Since FTJam supports regular expression replacement, I think a simple
extension to fix this should be possible. Here is my proposal...

<SNIP>

!!! COOL !!!

I'm pretty sure that FTJam's regular expression replacement facilities give
us what's needed to distinguish <...> from "..." #includes. I just need to
change the HDRPATTERN to pass the quote/angle-bracket characters.

I will try making this change. To do so, I need to settle on an #include
search policy for the build system. Although I think it is possible to
support different #include searching strategies for different toolsets, it
would be best if we could make all toolsets behave the same in this regard.
Otherwise, we aren't really getting cross-platform behavior, are we?

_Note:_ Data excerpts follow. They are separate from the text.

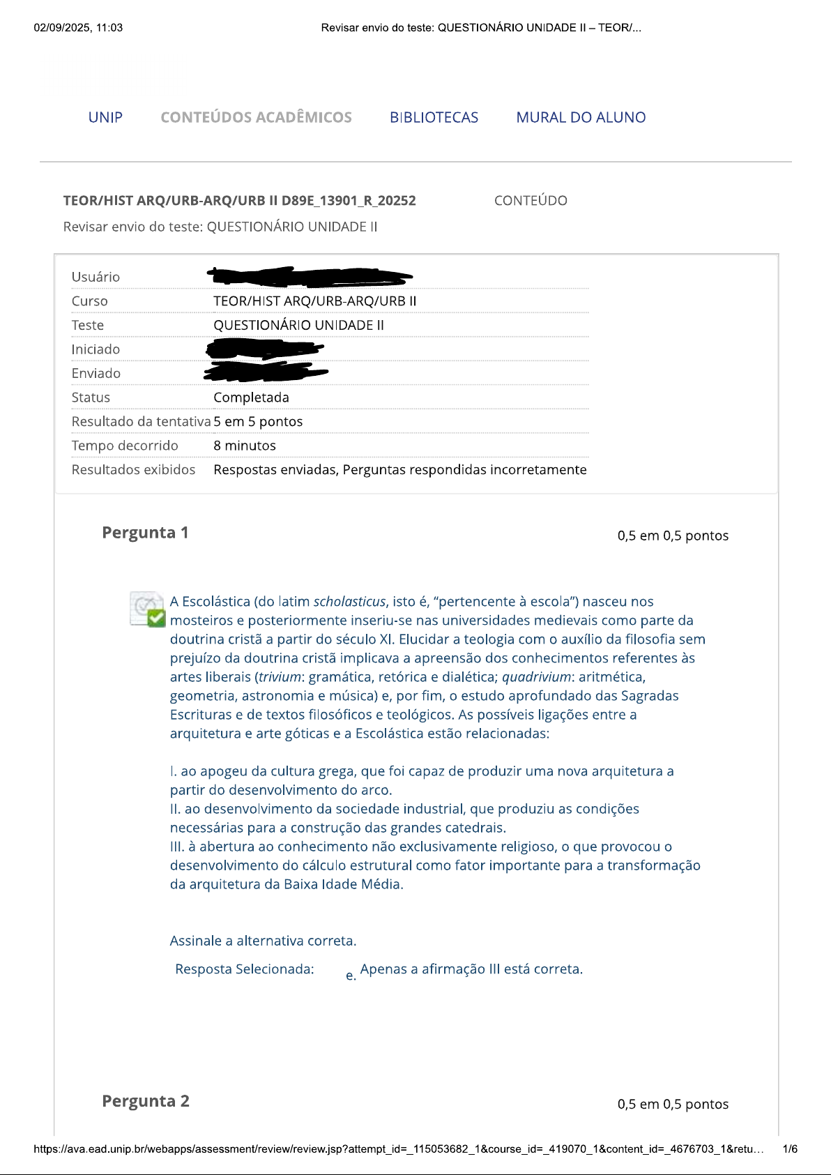 02/09/2025, 11:03 Revisar envio do teste: QUESTIONÁRIO UNIDADE TEOR/... UNIP CONTEÚDOS ACADÊMICOS BIBLIOTECAS MURAL DO ALUNO TEOR/HIST ARQ/URB-ARQ/URB II D89E_13901_R_20252 CONTEÚDO Revisar envio do teste: QUESTIONÁRIO UNIDADE Usuário Curso TEOR/HIST ARQ/URB-ARQ/URB II Teste QUESTIONÁRIO UNIDADE Iniciado Enviado Status Completada Resultado da tentativa 5 em 5 pontos Tempo decorrido 8 minutos Resultados exibidos Respostas enviadas, Perguntas respondidas incorretamente Pergunta 1 0,5 em 0,5 pontos A Escolástica (do latim scholasticus, isto é, "pertencente à escola") nasceu nos mosteiros e posteriormente inseriu-se nas universidades medievais como parte da doutrina cristã a partir do século XI. Elucidar a teologia com auxílio da filosofia sem prejuízo da doutrina cristã implicava a apreensão dos conhecimentos referentes às artes liberais (trivium: gramática, retórica e dialética; quadrivium: aritmética, geometria, astronomia e música) e, por fim, estudo aprofundado das Sagradas Escrituras e de textos filosóficos e teológicos. As possíveis ligações entre a arquitetura e arte góticas e a Escolástica estão relacionadas: I. ao apogeu da cultura grega, que foi capaz de produzir uma nova arquitetura a partir do desenvolvimento do arco. II. ao desenvolvimento da sociedade industrial, que produziu as condições necessárias para a construção das grandes catedrais. III. à abertura ao conhecimento não exclusivamente religioso, que provocou desenvolvimento do cálculo estrutural como fator importante para a transformação da arquitetura da Baixa Idade Média. Assinale a alternativa correta. Resposta Selecionada: e. Apenas a afirmação III está correta. Pergunta 2 0,5 em 0,5 pontos 1/602/09/2025, 11:03 Revisar envio do teste: QUESTIONÁRIO UNIDADE TEOR/... A partir do século IV, aparece a necessidade de desenvolver novos edifícios e soluções arquitetônicas voltadas a acolher os rituais cristãos. É correto afirmar: I. A igreja de San Vitale (em Ravena) segue tipo basílica presente durante toda a Alta Idade Média. II. mausoléu de Santa Constanza (em Roma) segue esquema de planta circular e cúpula presente na arquitetura bizantina. III. A arquitetura paleocristã desenvolvida em Ravena e a arquitetura bizantina apresentam espaço centralizado coberto por cúpula como característica comum. Assinale a alternativa correta. Resposta Selecionada: d. As afirmações e III estão corretas. Pergunta 3 0,5 em 0,5 pontos Além dos avanços técnicos, a transição entre Românico e 0 Gótico aponta para uma mudança de mentalidade. Os ensinamentos da filosofia escolástica enquadravam harmoniosamente todo saber daquele tempo e afirmavam a possibilidade de ascensão a Deus não só pela fé, como pela razão. Chegava-se a Deus por um esforço do pensamento, complexo, rigidamente formal, mas rico de sutilezas. Entre as evidências dessa transição na arquitetura, pode-se afirmar: I. As dimensões das catedrais góticas que apontavam um afastamento simbólico da escala humana. II. papel simbólico da luz por meio dos vitrais e rosáceas nas basílicas românicas. III. O predomínio da escala vertical nas catedrais românicas. Assinale a alternativa correta. Resposta Selecionada: Apenas a afirmação I está correta. a. Pergunta 4 0,5 em 0,5 pontos Entre os séculos XI e XII, enquanto no Oriente a arquitetura se desenvolve no Ocidente as soluções construtivas ainda mantêm como referência as estruturas abobadadas com grossas paredes de alvenaria dos antigos romanos do séc. le II. Pode-se afirmar que isso se deve: 2/602/09/2025, 11:03 Revisar envio do teste: QUESTIONÁRIO UNIDADE TEOR/... I. ao contexto histórico caracterizado pela falta de tranquilidade social e escassez de recursos técnicos e materiais. II. a opção por um sistema estrutural seguro, de fácil construção e eficiência comprovada pela história da arquitetura romana. III. às restrições do clero sobre possíveis inovações construtivas que constituiriam uma quebra da hierarquia e poder religioso. Assinale a alternativa correta. Resposta Selecionada: b. As afirmações I e estão corretas. Pergunta 5 0,5 em 0,5 pontos princípio tipológico da maior parte das igrejas cristãs ocidentais, a basílica paleocristã, tem sua origem na basílica romana. As diferenças se resumem à escala e à orientação, que no caso cristão desloca acesso para lado menor do retângulo da planta e estabelece como diretriz um eixo longitudinal. Pode-se afirmar que tipo basilical cristão implica: I. nave central e naves laterais. II. abside e nártex. III. espaço central e trifório. Assinale a alternativa correta. Resposta Selecionada: b. As afirmações I e II estão corretas. Pergunta 6 0,5 em 0,5 pontos Sabe-se que Românico é primeiro estilo arquitetônico do ocidente, principalmente por constituir uma unidade tridimensional que se tornou modelo construtivo para a disseminação da fé cristã por toda a Europa. Pode-se afirmar que seu sistema estrutural característico inclui: I. a adoção da massa ativa. II. a cúpula como solução para a cobertura. III. a presença de contrafortes e abóbadas. Assinale a alternativa correta. 3/602/09/2025, 11:03 Revisar envio do teste: QUESTIONÁRIO UNIDADE TEOR/... Resposta Selecionada: b. As afirmações I e III estão corretas. Pergunta 7 0,5 em 0,5 pontos (a cidade)... depende do campo para abastecimento de víveres, e controla de fato um território mais ou menos grande; mas, diferentemente da cidade grega, não concede paridade de direitos aos habitantes dos campos. Permanece uma cidade fechada: suas relações econômicas e políticas podem ser estendidas à escala nacional ou mundial, mas sua política permanece guiada pelos interesses restritos da população urbana" (BENEVOLO, L. história da cidade. São Paulo: Perspectiva, 2001. p. 260). O texto se refere: I. à configuração das bastides medievais. II. à estrutura da cidade-estado medieval. III. à cid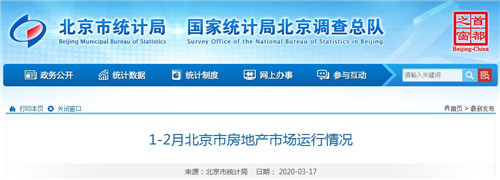 房訊網(wǎng)訊 3月17日,北京市統(tǒng)計局發(fā)布1-2月北京市房地產(chǎn)市場運行情況。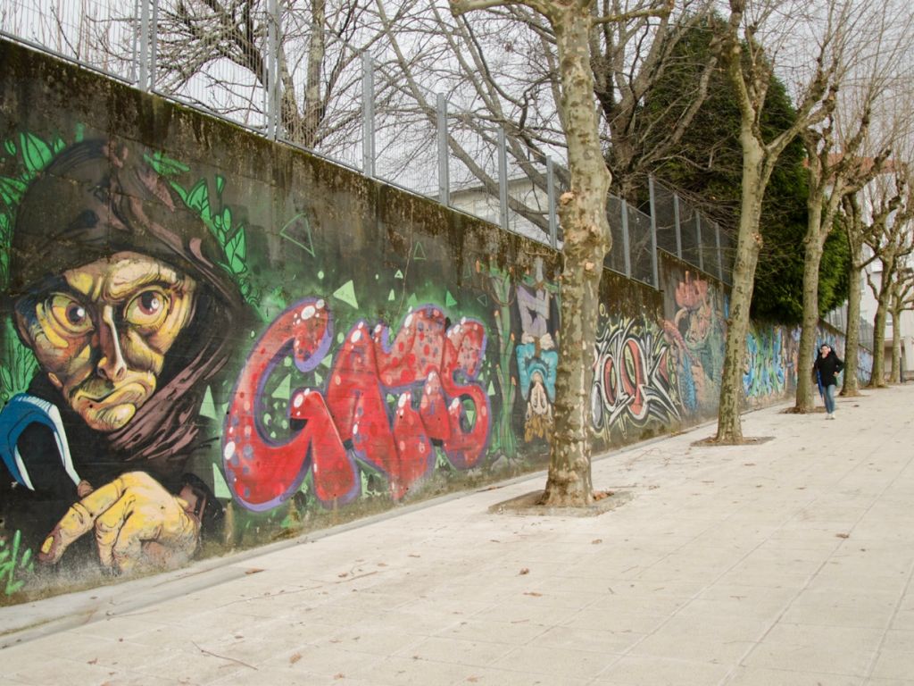 El muro del IES Antonio Fraguas despliega desde hace años intervenciones murales de diversa autoría.

AFAIK, the VC6 policy is a lowest-common denominator policy which all
toolsets can support. Hmm, now that I look at it, I'm a little worried. The
documentation for #include "..." says:

    This form instructs the preprocessor to look for include files
    in the same directory of the file that contains the #include
    statement, and then in the directories of whatever files that
    include (#include) that file. The preprocessor then searches
    along the path specified by the /I compiler option, then along
    paths specified by the INCLUDE environment variable

I worry about that parent file search feature. Hmm, isn't that /very/
fragile? It seems to mean that the file selected by #include "xxxx" may
depend on some "random" chain of #include parents.

So, maybe that should have some bearing on our #include policy (use <...>?)